# surprise guppy babies everywhere!



## JezzyLee (Jun 7, 2013)

not really a question,more of an excited brag, and if this isn't a place for this - please move it!

Maybe 2 weeks ago- at most- my blond guppy (Sunny) gave birth, and died 2 days later. I was only able to spot 1 lone baby. (called her baby sunny) After about 4 days I spotted one other long skinny baby hiding in the darkness of my java moss (naturally, he was called slim shady). I was shocked at how fast these two fry were growing, and after some research learned that they tend to grow much faster if they are in the community tank because they are in a predatory environment. Over the course of a couple more days I discovered a few more "slim shadys" and just the one baby sunny. THEN, 2 days ago, found 2 more baby sunnys, and a total of 5 slim shadys! Last night, my little girl and I were watching the fish before bed and saw a totally different fry that looked like neither of the other type! (the baby sunny type are orange/yellow, and the slim shady type are silverish front half with blue/black back half) and this new fry was slightly bigger than the other kind, clearish as of yet, and it's fins are black tipped! But it has to be Sunny's baby because at the time, she was the only pregnant fish I had! So, since that one was in a class on it's own, we named it Harry Potter (until we figure out if it's a boy or girl lol). 
Then this morning.. I fed the fish.. discovered 5 slim shadys, 5 baby sunnys, and 2 harry potters *r2 ... WHERE the heck have these babies been hiding all this time?! I love it, and I'm really thankful I have a large tank (especially because I have 2 expecting mothers) but wow!! 
And it's insane how big and fast these fry are growing! They are so active already and we love to watch them!


----------



## jrman83 (Jul 9, 2010)

Having fry in your tank is cool! Just watch it, you can be overcrowded fairly fast sometimes.


----------



## JezzyLee (Jun 7, 2013)

yeah, it'll happen fast! I have a 75 gallon tank, and with these babies, I will have 21 fish total. I talked with my LFS and asked if they would take some fry off my hands should the need arise (since none of my friends keep fish, and my little girl only has a 1.5 gallon tank and it already has a beta in it) and they said they would. My son wants a fish tank but he wants a totally different type of fish in it so that doesn't help lol!


----------



## jamnigh (Apr 24, 2013)

Haha its amazing isnt it!! I had my yellow female drop her fry, and I only counted 10 at first, then 3 days later (after she had been removed from my fry tank for 3 days) I found at least 30 more. They were hiding in my algae and hornwort for a few days!
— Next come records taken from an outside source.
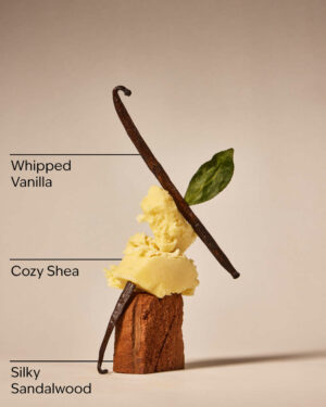 Fragrance notes: whipped vanilla, cozy shea and silky sandalwood.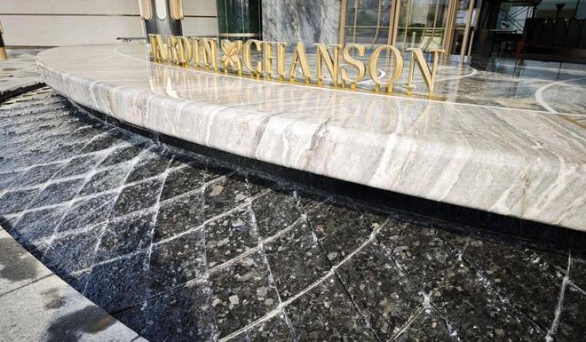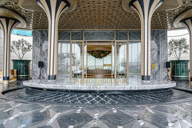 用「浮岛」元素的立柱撑在门口,顶部做了500多片的镂空透光铝板雕花花瓣。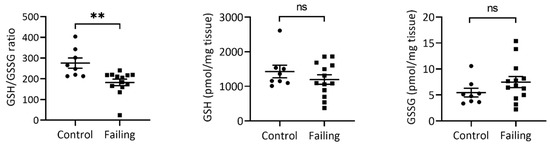 Failing hearts display a significantly reduced GSH/GSSG ratio (left). Absolute GSH levels (middle) in failing hearts are slightly reduced (not significant, p = 0.313), while GSSG content (right) is slightly increased in failing (not significant, p = 0.194). Values represent mean values and S.E.M. n (control) = 10, n (Failing hearts) = 15. ** Student t-test p-value < 0.01; ns—not significant.

The different colors are because technically each baby could have a different father. Many males would have spawned with the mom (esp if it came from a petstore) so each baby could actually look very different from each other. My fry that are now about 2 months old, some look like the mom (solid electric yellow), some are yellow with black markings, some are starting to get some red in them, and a couple look like a wild coloration (silver/grey)


----------



## JezzyLee (Jun 7, 2013)

I knew that they hold sperm packets from different males but I didn't realize they could drop from different males at the same time! makes a lot more sense lol!


----------



## jamnigh (Apr 24, 2013)

They are pretty amazing fish aren't they


----------



## catcrazy37 (Aug 26, 2013)

Wow! Sounds great! It's good that you provided Java Moss, sounds like you know what you're doing.


----------



## Sherry (Nov 22, 2011)

And I also find it amazing when I find babies in my tank, when I did not know any of my very young females were pregnant. All of a sudden there are babies. I do have some very very interesting colour variations now. oopsy's but beautiful.


----------